Troubleshooting Windows VMs


This document describes the methods and tools available to resolve the following Compute Engine Windows virtual machine (VM) instance boot issues:

  • You can't connect to the VM using RDP, and troubleshooting is unsuccessful in resolving your connection.

  • The login screen has not appeared in a VM screenshot, and the VM does not appear to be making progress or performing an update.

  • You have encountered a blue screen error, frozen or erratically behaving VM under normal operation.

If you are experiencing issues connecting to Windows VMs, see Troubleshooting RDP.

Before you begin

  • Review the Microsoft Advanced troubleshooting for Windows boot problems for information about troubleshooting the Windows boot process.
  • If you haven't already, set up authentication. Authentication is the process by which your identity is verified for access to Google Cloud services and APIs. To run code or samples from a local development environment, you can authenticate to Compute Engine as follows.

    Select the tab for how you plan to use the samples on this page:

    Console

    When you use the Google Cloud console to access Google Cloud services and APIs, you don't need to set up authentication.

    gcloud

    1. Install the Google Cloud CLI, then initialize it by running the following command:

      gcloud init
    2. Set a default region and zone.

Using the Advanced Boot Options menu

If Windows doesn't start correctly, use the Advanced Boot Options menu to access safe mode or complete an online repair of the operating system. For more information, see Advanced startup options.

To enter the Advanced Boot Options menu on your Windows VM, complete the following procedure:

  1. Enable a display device for the VM if you haven't already.
  2. Connect to the VM's interactive serial console.

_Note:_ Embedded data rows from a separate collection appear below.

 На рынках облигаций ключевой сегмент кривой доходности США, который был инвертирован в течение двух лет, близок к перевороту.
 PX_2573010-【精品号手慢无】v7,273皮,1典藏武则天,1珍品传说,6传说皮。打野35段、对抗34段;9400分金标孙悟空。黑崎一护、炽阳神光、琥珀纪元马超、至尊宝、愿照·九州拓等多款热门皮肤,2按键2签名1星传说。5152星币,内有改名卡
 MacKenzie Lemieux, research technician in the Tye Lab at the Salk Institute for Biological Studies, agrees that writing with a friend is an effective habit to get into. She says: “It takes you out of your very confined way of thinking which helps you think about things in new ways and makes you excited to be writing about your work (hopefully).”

  3. Restart the VM using one of the following methods:

    Console

    1. In the Google Cloud console, go to the VM instances page.

      Go to VM instances

    2. Click the name of the VM you want to restart. The VM instance details page opens.

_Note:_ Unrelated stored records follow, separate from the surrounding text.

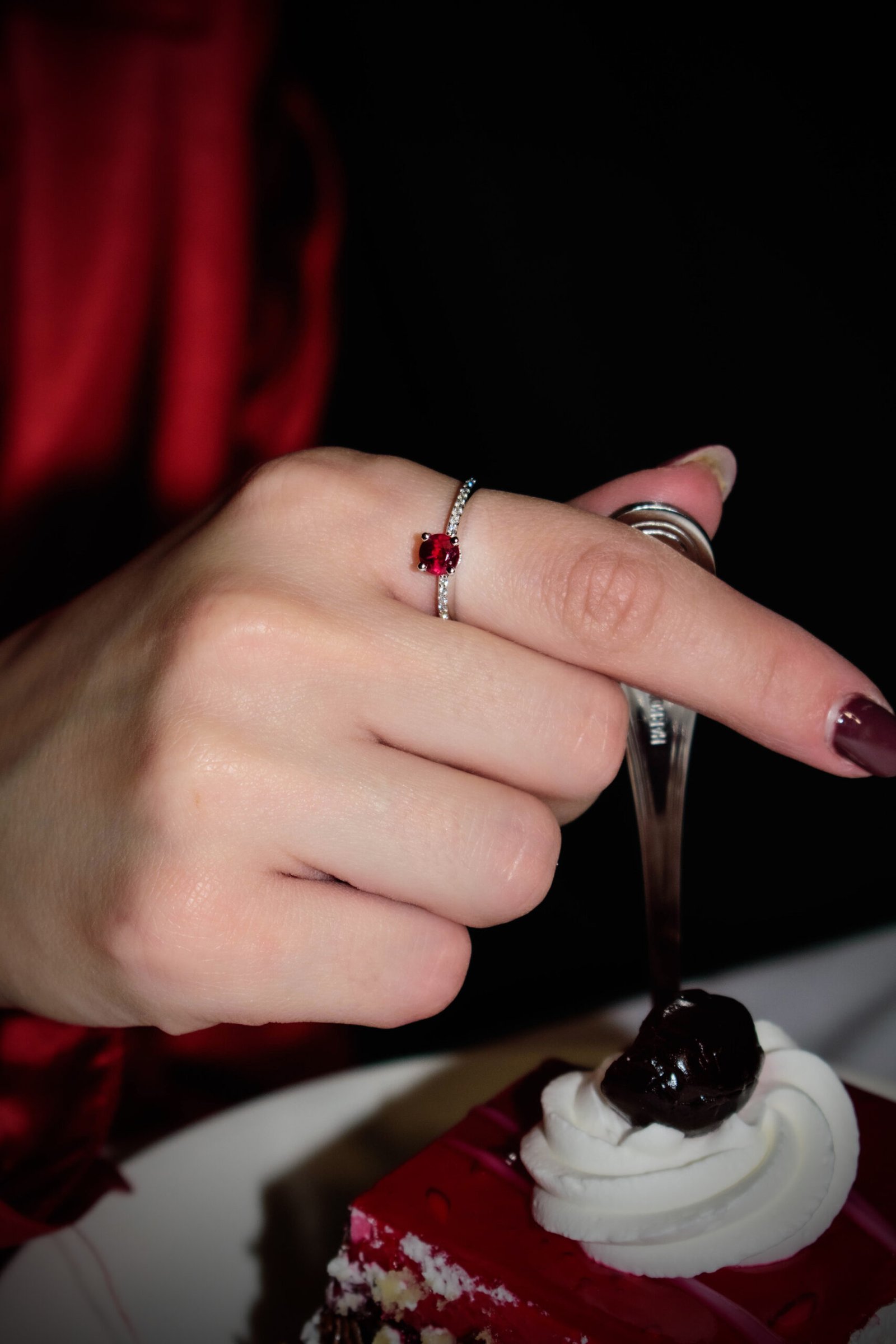 Το ρουμπίνι πλαισιώνεται αρμονικά από 16 διαμάντια των 0.09ct το καθένα, προσφέροντας εντυπωσιακή λάμψη και ισορροπία στο σχέδιο.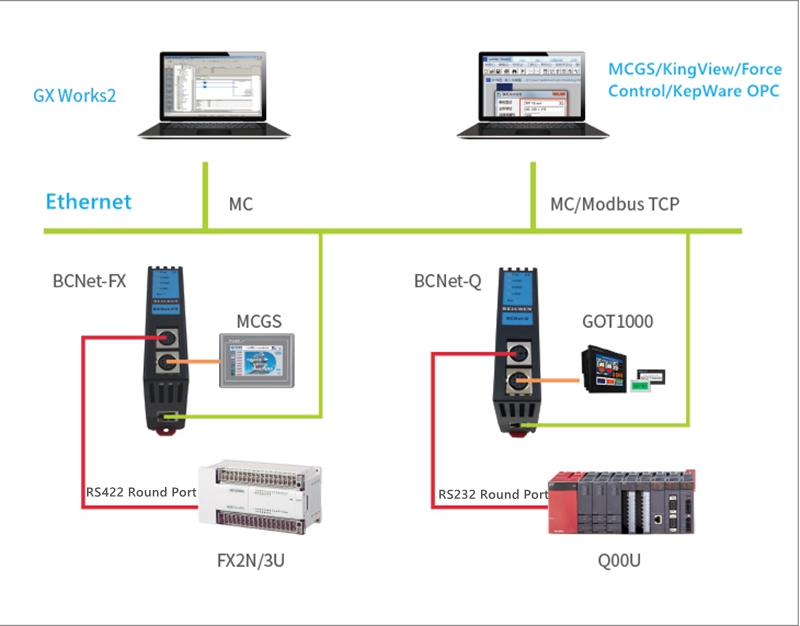 - BCNet-FX adopts an industrial grade design, with guide rail installation and communication cable. Without occupying the PLC programming port, the upper computer monitors PLC data through Ethernet, while the touch screen can communicate with the PLC through the multiplexing interface X2. BCNet-FX supports the vast majority of SCADA software in the field of industrial control, and supports two communication methods: for Mitsubishi MC Ethernet protocol and ModbusTCP.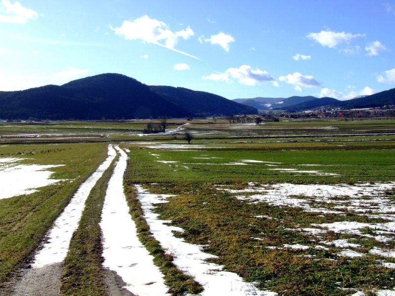 Now walking over fields and grassland to the foothills of Hohe Wand.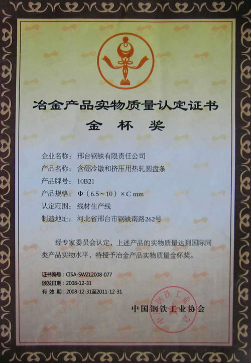 含硼冷鐓和冷擠壓用鋼盤條獲冶金產(chǎn)品實(shí)物質(zhì)量金杯獎

    3. Click the Reset button to reboot the VM.

    gcloud

    Use the gcloud compute instances reset command to reset the VM:

    gcloud compute instances reset VM_NAME --zone=ZONE --project=PROJECT_ID
    

    Replace the following:

    • PROJECT_ID: the ID of the project that contains the VM
    • ZONE: the name of the zone in which the VM is located
    • VM_NAME: the name of the VM

    Command Prompt

    While connected to the interactive serial console, open a Command Prompt session and run the following command. For more information about opening a Command Prompt session, see Opening Command Prompt in Windows SAC.

    shutdown /r /t 0
    

    The Windows Boot Manager menu opens:

    Windows Boot Manager menu

  4. Before the countdown expires, complete these steps:

    1. Ensure the interactive serial console is your active window.

    2. Press the Esc key on your keyboard.

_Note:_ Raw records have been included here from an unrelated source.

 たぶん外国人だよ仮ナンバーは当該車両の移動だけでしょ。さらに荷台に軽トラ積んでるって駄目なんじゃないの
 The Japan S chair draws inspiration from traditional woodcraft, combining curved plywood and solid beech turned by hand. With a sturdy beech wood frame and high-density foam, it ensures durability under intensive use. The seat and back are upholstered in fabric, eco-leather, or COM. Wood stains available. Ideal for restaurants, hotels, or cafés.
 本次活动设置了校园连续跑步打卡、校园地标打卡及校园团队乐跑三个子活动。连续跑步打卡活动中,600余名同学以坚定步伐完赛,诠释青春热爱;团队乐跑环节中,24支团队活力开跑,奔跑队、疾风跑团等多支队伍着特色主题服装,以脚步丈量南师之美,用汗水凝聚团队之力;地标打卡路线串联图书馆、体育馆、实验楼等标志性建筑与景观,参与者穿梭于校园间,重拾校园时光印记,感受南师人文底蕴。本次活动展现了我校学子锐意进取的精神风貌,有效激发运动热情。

    3. Press the number 8 key on your keyboard.

    The Advanced Boot Options menu opens:

    Advanced Boot Options
menu

  5. Use the arrow keys on your keyboard to select an option, then open it by pressing the Enter key.

Enabling the Windows Boot Manager menu

You can configure the Windows Boot Manager menu to display when a Windows VM instance is being rebooted. To enable the Windows boot manager menu, do the following:

Connect to the VM and open a Command Prompt with administrative access. If you cannot connect to the VM, add the subsequent steps as values to a windows-startup-script-cmd or windows-startup-script-ps1 startup script instead of running them directly

Command Prompt

  1. To enable the Windows Boot Manager menu at startup and add a 15 second timeout, run the following commands:

    bcdedit /set {bootmgr} displaybootmenu yes
    
    bcdedit /set {bootmgr} timeout 15
    
  2. To reboot the VM and display the Windows boot manager menu in the serial console using the following command:

    shutdown -r -t 0
    

PowerShell

  1. To enable the Windows Boot Manager menu at startup and add a 15 second timeout, run the following commands:

    bcdedit /set '{bootmgr}' displaybootmenu yes
    
    
    bcdedit /set '{bootmgr}' timeout 15
    
  2. To reboot the VM and display the Windows boot manager menu in the serial console using the following command:

    shutdown -r -t 0
    

Completing an offline repair

If your VM doesn't start correctly and using the advanced boot menu has failed to resolve the issue, try performing an offline repair using a functional Windows VM instance for recovery with a snapshot of the troubled VM's boot disk. Using a snapshot gives you a backup copy that can be modified without changing the state of the original VM.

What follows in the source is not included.